Studi ini termasuk dalam ruang lingkup kesehatan masyarakat

peminatan kesehatan lingkungan. Penelitian dilakukan di Desa Gunung

Batu, Kecamatan Pulau Beringin Kabupaten OKU Selatan 2019 pada bulan

September 2019 yang bertujuan untuk mengetahui hubungan determinan

lingkungan fisik rumah terhadap ISPA pada Balita di Dusun Gunung Batu,

Kecamatan Pulau Beringin, Kabupaten OKU Selatan karena selalu ada

peningkatan angka ISPA di Puskesma Pulau Beringin.
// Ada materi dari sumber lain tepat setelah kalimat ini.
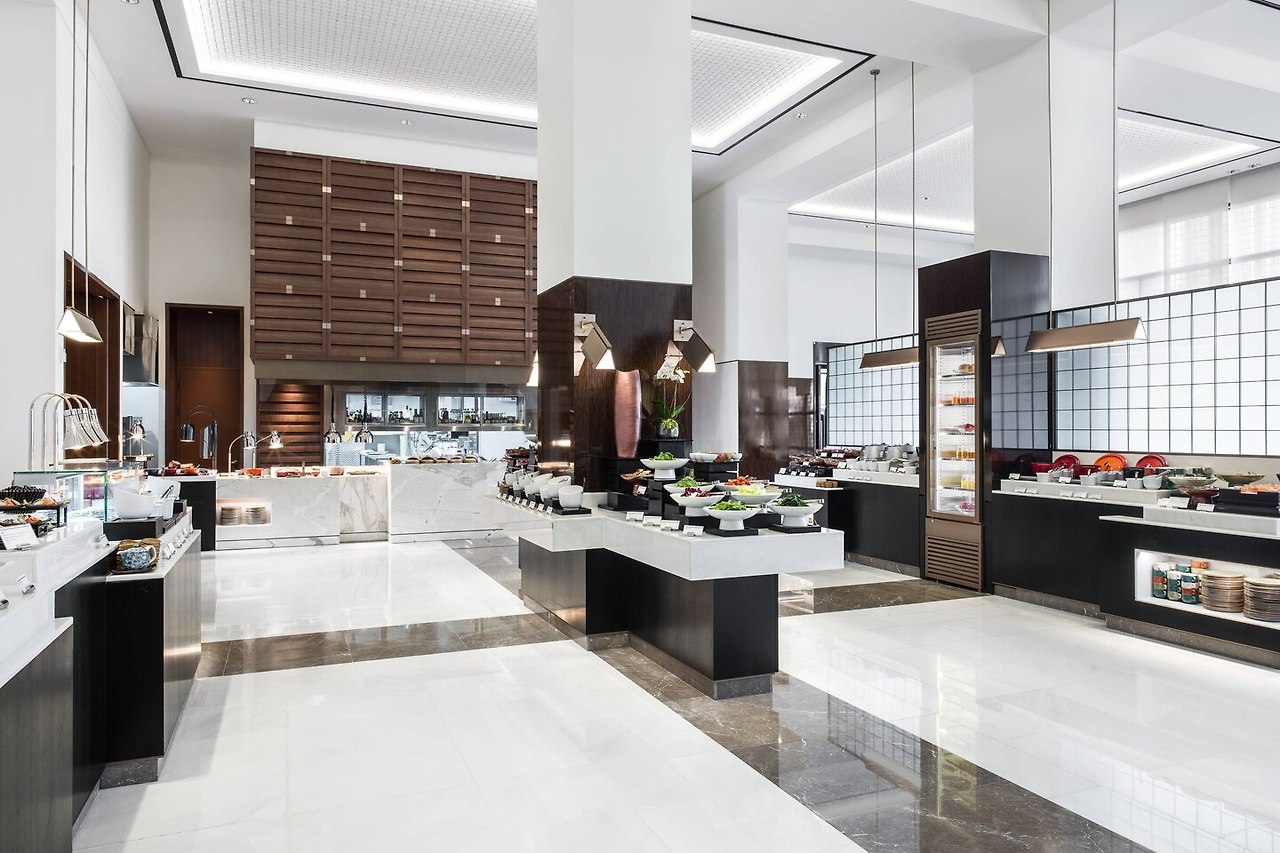 조식은 클럽 라운지와 셰프 팔레트 중 선택할 수 있다. 셰프 팔레트 기준으로 오전 6시부터 10시까지 이용 가능하다. 샐러드부터 과일, 동서양 핫푸드 등을 고루 갖춘 뷔페식으로 하니는 즉석에서 만들어주는 에그 베네딕트를 추천한다.
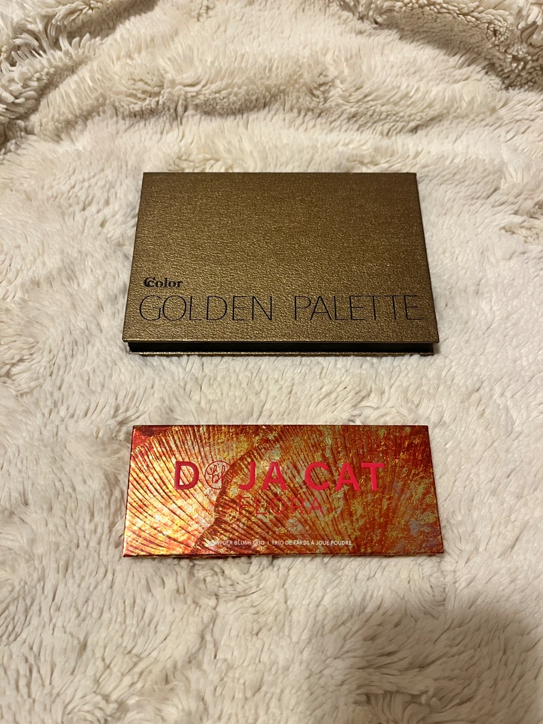 This listing includes a Golden Palette eyeshadow palette with 15 shades and a Doja Cat x BH Cosmetics blush trio. The blush trio contains three warm-toned shades.

Dengan responden

Ibu balita yang terdapat di desa tersebut. Penelitian ini merupakan penelitian

kuantitatif dengan menggunakan pendekatan cross sectional. Variabel

dalam penelitian ini yaitu variabel dependen yaitu ISPA dan variable

independen yaitu faktor lingkungan fisik rumah (ventilasi, kepadatan

hunian, ventilasi dapur, jenis lantai rumah, jenis dinding rumah), dan faktor

sosial (pendidikan Ibu, pengetahuan Ibu, kebiasaan merokok dalam

keluarga, penggunaan obat nyamuk bakar, bahan bakar memasak). Data

yang digunakan yaitu dengan mengumpulkan data primer melalui

wawancara dengan kuisioner serta pengukuran. Pengolahan data

menggunakan Microsoft Excel dan SPSS.